Comment est née l'Apesa France ?
C'est Marc Binnié, greffier à Saintes, et Jean-Luc Douillard, psychologue clinicien, qui ont imaginé le dispositif en 2013, constatant que les procédures collectives, efficaces pour contenir et canaliser le chaos des difficultés des entreprises, ne l'étaient pas s'agissant de la prise en compte de la souffrance humaine de l'entrepreneur, pouvant déboucher sur des idées noires. Marc Binnié et Jean-Luc Douillard ont constaté que les professionnels intervenant à l'occasion des procédures judiciaires, bien que non compétents en matière psychologique, n'étaient pas indifférents et pouvaient constituer des “sentinelles efficaces“.

Jean Huault, président de L'Aide psychologique aux entrepreneurs en souffrance aigüe (Apesa) de Seine-et-Marne.
Qu'en est-il en Seine-et-Marne ?
C'est le président du tribunal de commerce, Jean Gaillard, qui a le premier été sensible à certaines publications sur le sujet et il est apparu évident d'agir : nous avons été nous-mêmes des chefs d'entreprise. Nous avons ressenti dans nos trippes le stress du client qu'on peut perdre, son règlement qui tarde à venir et qui crée des tensions, etc.
C'est pourquoi le président a pris en 2016 la décision de convoquer l'ensemble des organismes départementaux concernés, en présence de Marc Binié lui-même, pour leur exposer le dispositif. Toutes les parties prenantes ayant pleinement adhéré au concept, cette réunion est devenue l'assemblée constitutive d'Apesa Seine-et-Marne. Elles en sont encore aujourd'hui les membres statutaires.
Dès lors, il fallait structurer l'association, trouver son président et son conseil d'administration.
Cela s'est fait naturellement ?
Oui, nous avions, au niveau du tribunal et du greffe, la capacité d'organiser un secrétariat. Nous nous trouvions également au cœur des procédures collectives et donc à la source des problématiques, c'est pourquoi nous avons naturellement pris en charge la gestion des alertes lancées par les “sentinelles“, que nous devons former, accompagner, etc.
Comment l'Apesa Seine-et-Marne agit-elle ?

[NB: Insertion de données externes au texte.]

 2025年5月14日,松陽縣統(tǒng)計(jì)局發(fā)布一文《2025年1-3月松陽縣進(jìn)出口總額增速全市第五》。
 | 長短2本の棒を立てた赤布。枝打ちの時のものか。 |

L'objectif principal est de pouvoir déceler le stress et les difficultés du chef d'entreprise à tous les moments et tous les niveaux de la vie de l'entreprise. Pour ce faire, Il fallait constituer un réseau formé de “sentinelles“ dédiées (c'est-à-dire des personnes formées à la détection des signes de détresse psychologiques et du risque suicidaire).
Il est d'abord possible d'agir au niveau du tribunal de commerce, c'est-à-dire lors du terme de cette descente aux enfers psychologique. L'expert-comptable peut aussi déceler des difficultés très en amont. L'avocat, à qui l'entrepreneur fait appel lorsqu'il se pose des questions au niveau juridique, peut également intervenir un peu plus tard. Les organismes patronaux, tels que le Medef et la CPME, sont également importants en matière de détection des signes de détresse psychologique.

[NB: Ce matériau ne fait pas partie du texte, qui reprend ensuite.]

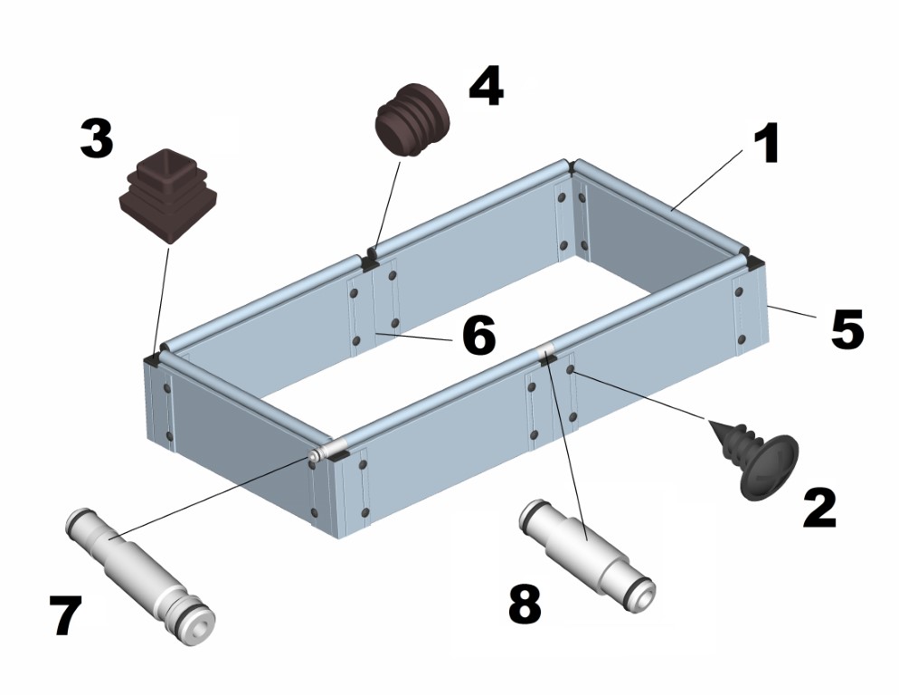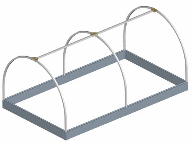 Детали каркаса мини-парника изготавливаются из стальной оцинкованной трубы сечением 20х20 мм, которые жестко соединяются между собой Т-образными стальными соединителями типа «краб». Пластиковые борта грядки, использованной в качестве основания мини-парника, также жестко фиксируются к стальному каркасу посредством прочных толстостенных соединителей из ПВХ. Срок службы деталей из ПВХ составляет свыше 20 лет и сопоставим со сроком службы пластиковых окон.

Aussi, pour permettre à ces sentinelles d'agir, nous avons procédé en trois ans à huit actions de formation. Nous pouvons ainsi compter sur un peu plus d'une centaine de personnes habilitées à détecter et à lancer des alertes. Elles et elles seules en ont la possibilité, si bien entendu l'entrepreneur a donné son accord.
Comment se déroule la procédure ?
Que ce soit en ligne ou sur papier, l'alerte se résume à une fiche comprenant les coordonnées de la personne, le moment où elle s'est exprimée, le type de détresse (difficultés familiales, financières, etc.), et éventuellement si des pistes d'amélioration ou des solutions sont apparues. Ce document est hébergé à Nantes sur la plateforme de Ressources Mutuelles Assurance, qui fait partie du Groupe Harmonie Mutuelle et qui a constitué une cellule pour examiner ces fiches d'alerte.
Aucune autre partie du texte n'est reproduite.